“What did she say?” Eleanor asked, feeling that she ought to make some contribution, or else she might give voice to a scream: Are you as cracked as Lisette?
“She snapped her fingers and said that she would teach them to care nothing for such foolishness. Of course, she herself doesn’t care. She lives here so happily, without being caught in the absurd farce that makes up our social life.”
Several things came to mind, but they all seemed too severe, so Eleanor said merely, “Lisette truly does not care for societal conventions.”
“It’s as if she’s designed to mother these particular children,” Villiers said.
“You are not bound to me in any fashion,” Eleanor pointed out. “I announced our betrothal merely to placate my mother, as I’m sure you realized. Or perhaps I meant to irritate her. I’m quite certain that one would do better not to initiate a marriage on such flimsy grounds.”
“Probably not,” he agreed.
His smile twisted something inside her, so she said, rather quickly, “Well, now that we’ve settled that, I really should retire. It’s growing chilly and I’m not properly dressed.”
But he didn’t move, and neither did she.
“Damn it,” he said finally, very quietly.
And when he crossed those two steps between them, she wound her arms around his neck as if it were the most natural thing in the world. Neither of them moved for a moment. She could feel the heat and hardness of his body.
Finally she leaned in and simply touched her tongue to his lips. “Hello,” she whispered.
“What’s my name?” he whispered back.
“Lucifer!”
The lines by his eyes crinkled and she knew he was smiling at her, but it didn’t matter because he bent his head and kissed her. It was slow, it was possessive, it was voluptuous. He was a master of the kiss…and the master of her.
With one slow movement, he brought his palm down over her hair and hooked a finger under the edge of her towel.
“Leopold!” she said, breaking away from his kiss.
“Ah, you remembered my name.” He looked so much younger, grinning at her in the moonlight. His teeth were very white; his hair was out of its ribbon and he looked free.
She suddenly realized that the way he loved to play with her, to provoke her to call him by other names so he would kiss her harder, was dangerous—not only to her reputation, but also to her heart.
Even now his finger was tracing a little flower on her back, inside the dip of her towel.
“I must go inside,” she said. “I really must.”
“Say my name one more time.”
“Villiers.” She met his eyes. “Let go of my towel, if you please.”
With a rueful smile in his eyes, he left one final touch on her back, a touch that burned like fire, and stepped back.
“I’ll inform my mother tomorrow morning,” she said.

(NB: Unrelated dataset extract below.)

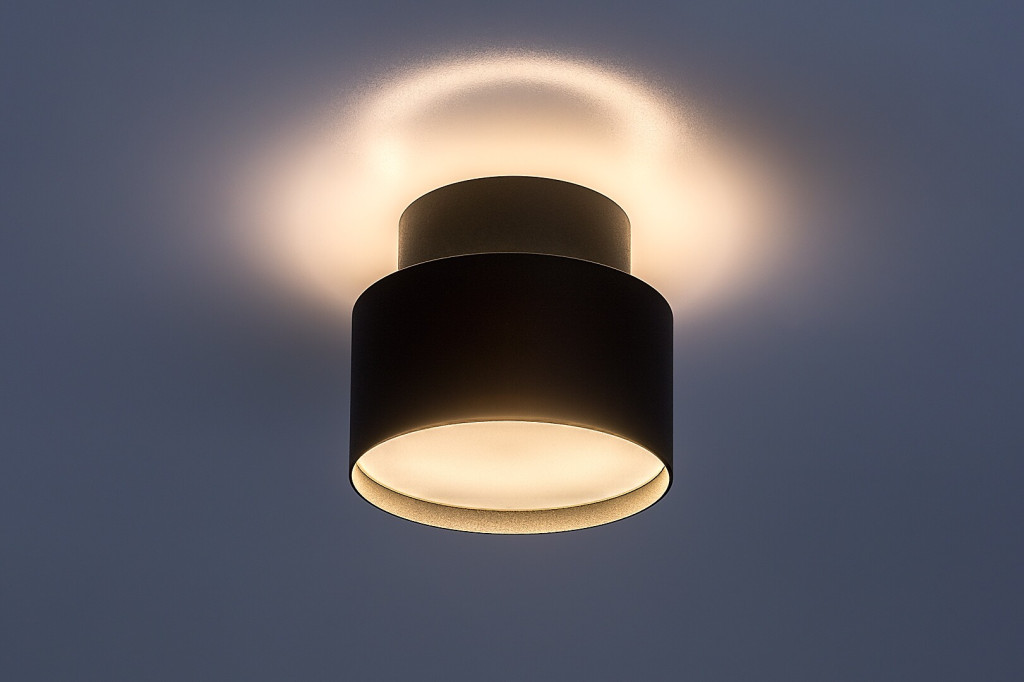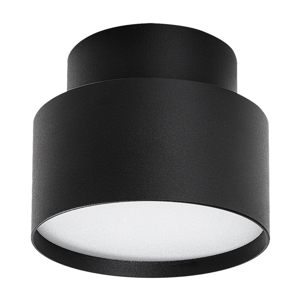 Fekete színű fém 11cm átmérőjű mennyezeti lámpa fehér műanyag betéttel, meleg fehér színhőmérsékletű beépített LED fényforrással, háttérfény funkcióval.

She could tell that he’d forgotten the subject, and it gave her a queer spasm of female pride. “I’ll tell my mother that we shall not marry,” she clarified. “So that you can speak to Lisette. Unless…you already have?”
His eyes cooled. “I have many faults, but bigamy has never been one of them.”
“We’re not married,” she protested.
He bowed and turned away, but she wasn’t going to allow that.
“Leopold!” she snapped, reaching out for his arm. “We are not children, and I won’t tolerate your silent reproach merely because I queried you.”
He opened his mouth, shut it, said finally: “I would never speak to another woman about marriage while betrothed to you.”